FIGS. 5A-5B illustrate sample user interfaces 502 and 520 of the interactive vehicle information map system in which vehicle information is exported, according to embodiments of the present disclosure. As described above, vehicle information related to one or more vehicles may be exported by the user. FIG. 5A shows an example user interface 502 including exported vehicle-related data associated with multiple vehicles satisfying particular search criteria. FIG. 5B shows an example user interface 520 including exported vehicle-related data associated with a single vehicle. In various embodiments, search alerts may be provided (for example, search alerts delivered via email) in a format similar to the export formats shown in FIGS. 5A and 5B. For example, in an embodiment a search alert may indicate new search results have been found (for example, LPR events associated with vehicles satisfying a particular search criteria), and may list various information associated with those search results (for example, addresses of locations of LPR events, maps showing LPR event locations, license plate and/or vehicle images, license plate numbers, and/or the like). In various embodiments, various search results user interfaces (for example, user interfaces 502, 520, and/or a search results user interface) may include a listing of search criteria or parameters associated with the search results.

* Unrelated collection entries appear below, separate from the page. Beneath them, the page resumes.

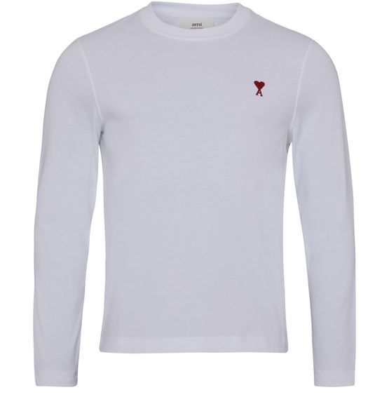 Beschreibung : T-Shirt mit Rundhalsausschnitt, gerader Schnitt, lange Ärmel, aufgesticktes Logo auf der Brust, rote Stickerei auf der Brust, ton-in-Ton-Stickerei "AMI" unter dem Rückenausschnitt, gOTS (Global Organic Textile Standard) zertifiziertes Produkt.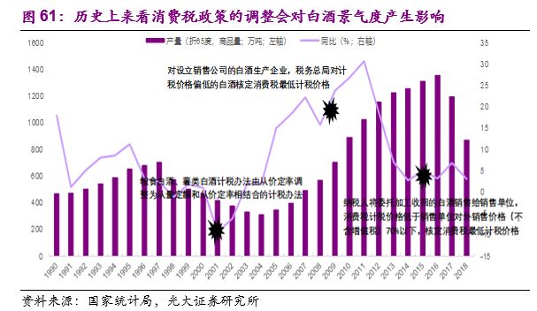 历史上看,消费税政策的调整会对白酒行业景气度产生影响。白酒消费税的征收方式不断完善同时也不断趋严,回顾白酒行业的景气周期波动,消费税政策的重大调整会对行业景气度产生较大的影响。最有代表性的是1998-2003年第二次行业调整期间,2001年白酒消费税新政将白酒的计税办法由从价定率调整为从量定额和从价定率相结合,加大了白酒行业的消费税负担,在一定程度上加速了行业的调整。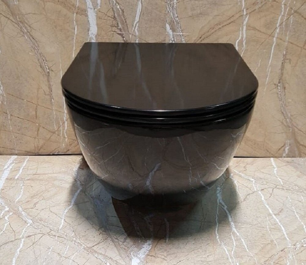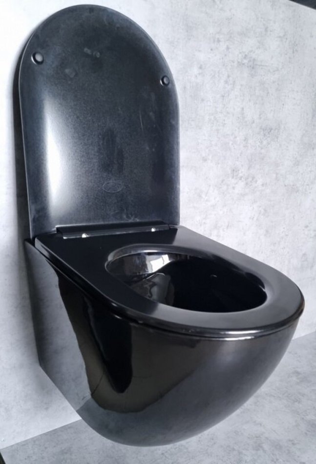 Подвесной унитаз Ceramalux безободковый, крышка микролифт, черно-глянцевый, 2196-18N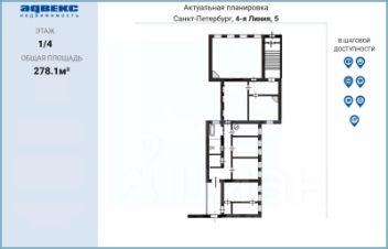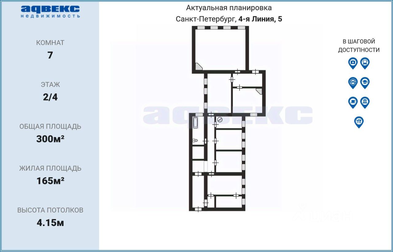 Квартира имеет комфортное зонирование: гостиная с видом на линию, столовая и кухня, соединяются с приватной зоной четырех просторных спален через проходную комнату - библиотеку. Три камина, лепнина на потолке, высокие классические межкомнатные двери, бронзовые дверные ручки. Просторные санузлы. Есть второй выход - на широкую лестницу с жилыми квартирами.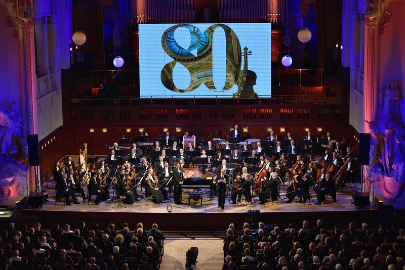 Narozeninový koncert v dobré kondici hrajícího Symfonického orchestru hl. m. FOK se uskutečnil 20. 11. 2014 ve Smetanově síni Obecního domu, protože právě v tento den byl (údajně) před osmdesáti lety založen. Osou byl akcent na F, když si F.O.K. připomněl svou slavnou filmovou historii (Film – Opera – Koncert). (Mezi lety 1935 a 1943 natočil hudbu k 212 filmům!) Před začátkem jsem hleděl do programu s nedůvěrou, ale hned od prvního čísla, kdy byla hudba Jiřího Fialy umocněna na projekční ploše před varhanním prospektem scénou Babička jede z filmu Babička z roku 1940 mi bylo jasné, že oslava bude mít vtip, nadhled a jiskru. (V praxi se ukázalo, že Terezie Brzková nemohla jet kočárem na Staré Bělidlo v rytmu Jízdy Valkýr…☺) Od počátku exceloval v roli vtipného průvodce slavnostním večerem, jenž snímala Česká televize, Ondřej Havelka. Navíc byl nakonec i nejvýraznějším sólistou, když s pro něho typickým šarmem leadera orchestru z 30. nebo 40. let zazpíval píseň Emana Fialy Sám já chodívám rád z filmu Těžký život dobrodruha a dominoval v závěrečné melodii Slávy Emana Nováčka Mám život hrozně rád z filmu Hotel Modrá hvězda. Neméně virtuózní výkon podal Jan Kučera v roli velmi dobrého dirigenta, flexibilního klavíristy a výtečného aranžéra. Vydařené byly zvláště jeho dvě filmové medley (Minulost Jany Kosinové – Těžký život dobrodruha – Hotel Modrá hvězda a C. a k. polní maršálek – To neznáte Hadimršku – Přednosta stanice). Velmi sympatickým gestem bylo jednak připomenutí úlohy koncertních mistrů, jednak dirigentů, kteří orchestr formovali. Tím nejdéle sloužícím byl Václav Smetáček (1942 – 1972), jehož záliba v komponování byla připomenuta sokolsky jadrným pochodem Vivat Olympia z roku 1939. Na olympiádě sice nikdy nezazněl, ale hudba je to kvalitní a na promenádních koncertech by si své místo našla.

In various embodiments, exported vehicle-related data may include vehicle photos (for example, from LPR reads), license plate photos, vehicle information, DMV information, related events (or event history) information, vehicle owner information, a frequency analysis or chart (for example, a chart that indicates the time of day at which LPR reads are most common, or a chart that indicates the frequency of LPR reads by day, weekday, hour, and/or the like), a map of the locations of LPR reads, a timeline indicating the times of LPR reads, among others. In various embodiments, the exported information may be exported in an HTML, XML, TXT, PDF, and/or any other suitable format.


Example Operations



FIG. 6 shows a flowchart depicting illustrative operations and/or processes of the interactive vehicle information map system, according to an embodiment of the present disclosure. In various embodiments, fewer blocks or additional blocks may be included in the processes, or various blocks may be performed in an order different from that shown in FIG. 6. In an embodiment, one or more blocks in FIG. 6 may be performed by, or implemented in, one or more computer modules and/or processors, as is described below with reference to FIGS. 8A-8B.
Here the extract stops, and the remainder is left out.